Siemens Uses Agentic AI for Chip Design

Siemens announced the deployment of agentic AI within its Questa One platform to accelerate the design and verification of integrated circuits. The system uses AI agents with specific domain knowledge, combined with configurable human expertise, to speed up the register-transfer level (RTL) sign-off process in semiconductor development.
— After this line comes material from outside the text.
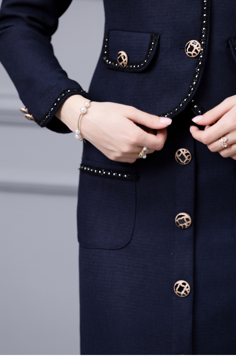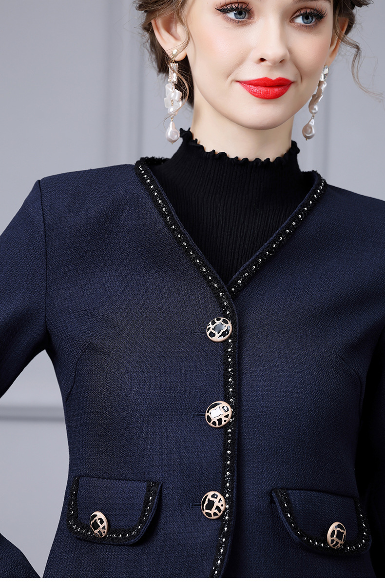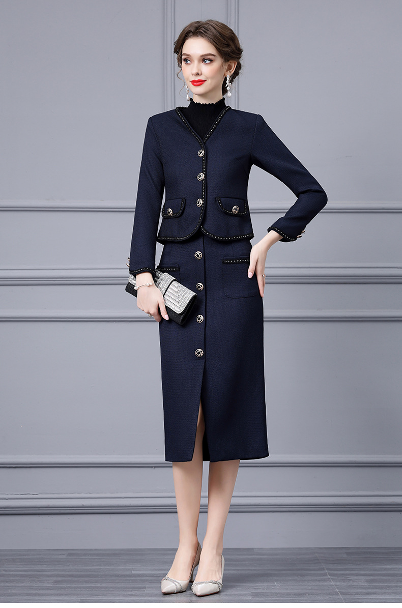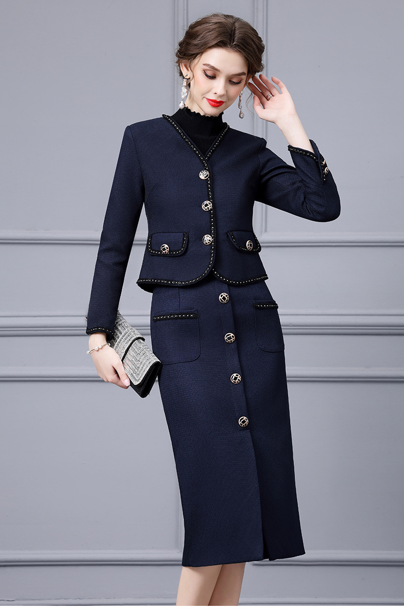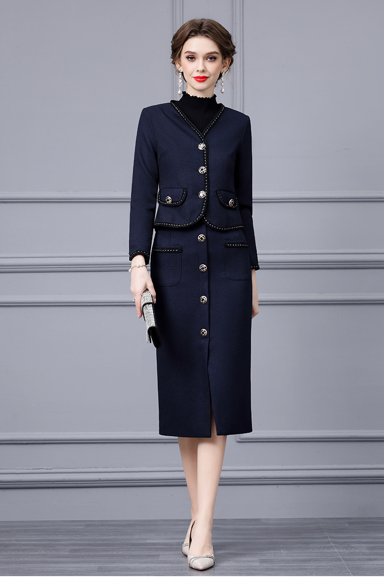 Bộ trang phục hai mảnh này có áo khoác dáng ngắn cổ chữ V, kết hợp cùng chân váy bó ôm sát và xẻ nhẹ. Điểm nhấn là đường viền dệt hoa văn tinh tế dọc theo cổ áo và tà áo, tạo nên nét đẹp dịu dàng. Chất vải mềm mại phù hợp cho tiết trời thu. Có thể mặc nguyên bộ hoặc phối cùng trang phục khác. Phù hợp cho nhiều dịp đi làm, gặp gỡ hay dạo phố. | Tên sản phẩm: Áo Khoác Nữ Cả Bộ 2 Món Họa Tiết Hoa Cổ Chữ V Hàng Mùa Xuân Thu Đông - Thời Trang Nữ | Mã sản phẩm: A9756 - Giá: 3.010.000đ | Mã nhà sản xuất: SHDAP-G06Hình ảnh sản phẩm

The new Questa One Agentic Toolkit is part of a broader, purpose-built "Fuse EDA AI" system from Siemens that integrates both generative and agentic AI across its entire electronic design automation (EDA) portfolio. This strategic push aims to embed AI as a core function in the semiconductor design process, moving it from a peripheral enhancement to a central enabler of innovation. The system leverages a centralized data lake to break down silos between design teams and utilizes natural language interfaces to automate tasks. This agentic AI approach directly targets the time-intensive verification and debugging stages of chip design. The toolkit includes five distinct AI agents: an RTL Code Agent for generating code, a Lint Agent for error checking, a CDC Agent for clock domain crossing verification, a Verification Planning Agent, and a Debug Agent for analyzing failures. These agents work autonomously to handle tasks that previously required significant manual engineering effort, addressing a critical shortage of chip design expertise. The Register-Transfer Level (RTL) sign-off is a critical bottleneck where design flaws identified late can force costly and time-consuming revisions. Issues like clock domain crossings (CDC) and reset domain crossings (RDC) are major risks that can necessitate a complete respin of the silicon if not caught early. By "shifting left" and applying AI-powered analysis at the RTL stage, the goal is to fix as many issues as possible before they propagate downstream. Siemens is collaborating with NVIDIA, using its NIM and Nemotron models to power the new AI-driven workflows. This partnership highlights a growing trend of EDA vendors embedding AI into their core tools. Early adopters like MediaTek have reported that engineers became proficient with the new toolkit within hours, noting "immediate and significant" productivity gains. This rapid onboarding is crucial for addressing the industry's talent gap. The broader industry context is a race to manage skyrocketing design complexity and reduce time-to-market for next-generation chips. Projections suggest that by 2027, up to 90% of advanced chips will be designed using agentic AI. This shift is seen as being as transformative to the industry as the move from manual drafting to computer-aided design (CAD) tools decades ago.